I think you and I have a very different impression of the pandemic then. No pandemic in history was more closely monitored. We did more to try to control this pandemic than any health event ever. Also, humanity didn't literally go extinct, as is claimed for alignment.

Here is a quick drawing I did to communicate my point, and in particular to show the chasm between "best pandemic-response so far" and "doing everything we can".

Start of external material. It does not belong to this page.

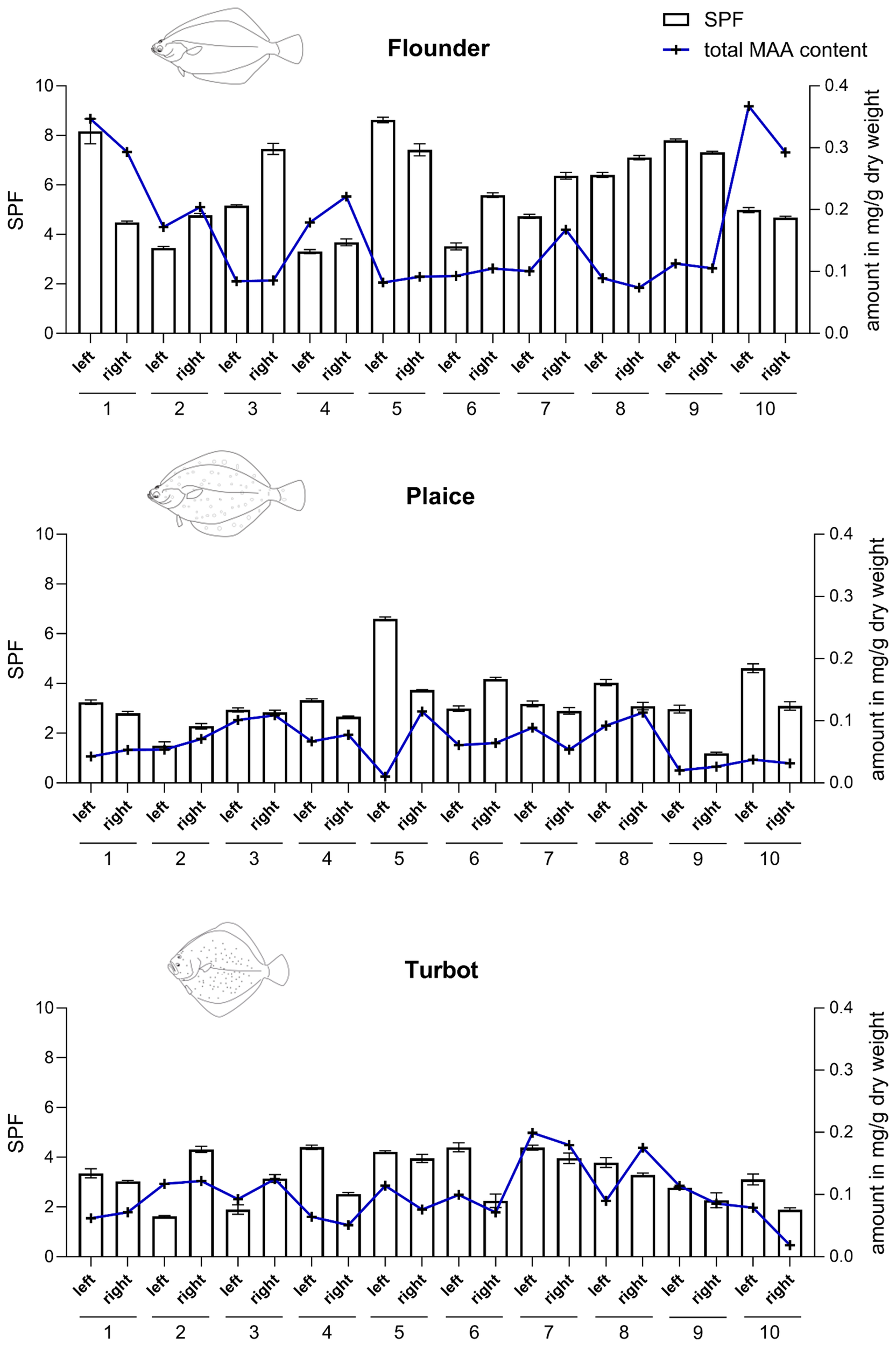 Lastly, the Sun Protection Factor (SPF) values were determined in the fish eye extracts of flounder, plaice, and turbot and compared with the total amount of MAAs in mg g-1 DW (Figure 7). Spectrophotometric analysis was performed across the UV range of 290–320 nm, and SPF values were calculated using the Mansur equation. Overall, a general trend was observed in which higher MAA concentrations were associated with increased UV-protective capacity as measured by SPF, with the fish species exhibiting the highest MAA levels also showing the highest SPF values (e.g., flounder). Eye extracts of flounder had significantly higher SPF values (range: 3.3–8.6; average: 5.7 ± 1.7) than extracts of plaice (range: 1.2–6.6; average: 3.2 ± 1.1) or turbot (range: 1.6–4.4; average: 3.2 ± 0.9). Combining data across all species revealed a modest but statistically significant positive correlation (r = 0.28, p = 0.03) between MAA content and SPF values. However, correlations within individual species were weaker, with only turbot showing a positive, though not statistically significant, relationship (r = 0.39, p = 0.09). Notably, differences in MAA content between the left and right eyes of individual fish were also reflected in corresponding SPF variations, further supporting a relationship between MAA concentration and UV-protective capacity. While some individuals (e.g., flounder #1) exhibited conspicuously different total MAA values of 0.17 and 0.33 mg g-1 DW in the right and left eye, respectively, others (e.g., flounder #4) showed almost identical contents (Figure 7). Nevertheless, while in flounder 6 out of 10 right eyes contained higher total MAA levels compared to the corresponding left eyes, in plaice and turbot 8 out of 10 left eyes exhibited a higher total content (Figure 7). Hence, at least in plaice and turbot a trend for preferential MAA enrichment in the left eyes was visible.

I believe with quite high confidence that with a bit of test&trace and some challenge trials, this pandemic could've been over in 3-5 months, instead of over 2 years. Every part of this seems simple to me (the mRNA vaccines were invented in <48 hours in January, challenge trials require only like 100s of people for ~2 weeks to get confident results, I think a company with the logistical competence of Amazon could've gotten a country vaccinated in just a couple of months, etc). So it looks to me like we're very very far from "Doing Everything We Can", so even if as you say we did better than ever before, we still didn't get a passing grade according to me.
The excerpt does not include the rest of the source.